Christanti, hereby incorporated herein by reference in its
entirety. It is understood that any equations can be used to model
a fluid flow and a heat transfer in the wellbore and adjacent
formation, as appreciated by one skilled in the art of wellbore
treatment. It is further understood that the processor 16 may
execute a variety of functions such as controlling various settings
of the sensor 14 and the fluid injector 12, for example.
[0018] A temperature of the injected fluid is typically lower than
a temperature of each of the layers of the formation. Throughout
the injection period, the colder fluid removes thermal energy from
the wellbore and surrounding areas of the formation. Typically, the
higher the inflow rate into the formation, the greater the injected
fluid volume (i.e. its penetration depth into the formation), and
the greater the cooled region. In the case of hydraulic fracturing,
the injected fluid enters the created hydraulic fracture and cools
the region adjacent to the fracture surface. When pumping stops,
the heat conduction from the reservoir gradually warms the fluid in
the wellbore.
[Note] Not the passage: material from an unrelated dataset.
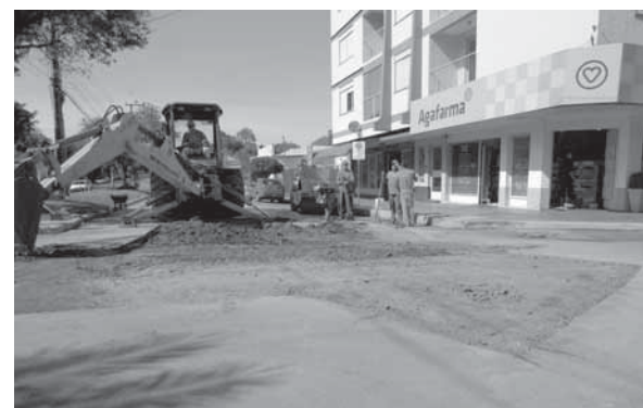
Recuperação do asfalto na Avenida Getúlio Vargas

Where a portion of the formation does not receive
inflow during injection will warm back faster due to a smaller
cooled region, while the formation that received greater inflow
warms back more slowly.
[0019] After injection of fluid into the well, wait a predetermined
period of time before shitting in the well. While waiting, any
number of operations may be performed except injecting fluid that
is comparable to the total heat transfer of hydraulic fracturing
into the well. Some operations, for example, include to plug or
ball-seat drill outs, clean-outs, produced, cased hole logging
runs, etc.
[0020] FIG. 3 illustrates a graphical plot 48 of the temperature
profiles normal to fracture at various time periods. The region
near the well warms up quickly just after the injection period
ends, but the temperature at the well is still about 15.degree. F.
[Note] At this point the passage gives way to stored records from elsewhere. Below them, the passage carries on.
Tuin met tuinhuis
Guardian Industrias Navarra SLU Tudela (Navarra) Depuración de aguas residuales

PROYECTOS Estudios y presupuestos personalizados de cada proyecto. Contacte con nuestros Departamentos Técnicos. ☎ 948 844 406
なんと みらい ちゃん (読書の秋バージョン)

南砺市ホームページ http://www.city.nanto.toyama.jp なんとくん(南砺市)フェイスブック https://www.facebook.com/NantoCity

less than the initial reservoir temperature.
[0021] In closing, it should be noted that the discussion of any
reference is not an admission that it is prior art to the present
invention, especially any reference that may have a publication
date after the priority date of this application. At the same time,
each and every claim below is hereby incorporated into this
detailed description or specification as a additional embodiments
of the present invention.
[0022] Although the systems and processes described herein have
been described in detail, it should be understood that various
changes, substitutions, and alterations can be made without
departing from the spirit and scope of the invention as defined by
the following claims. Those skilled in the art may be able to study
the preferred embodiments and identify other ways to practice the
invention that are not exactly as described herein. It is the
intent of the inventors that variations and equivalents of the
invention are within the scope of the claims while the description,
abstract and drawings are not to be used to limit the scope of the
invention. The invention is specifically intended to be as broad as
the claims below and their equivalents.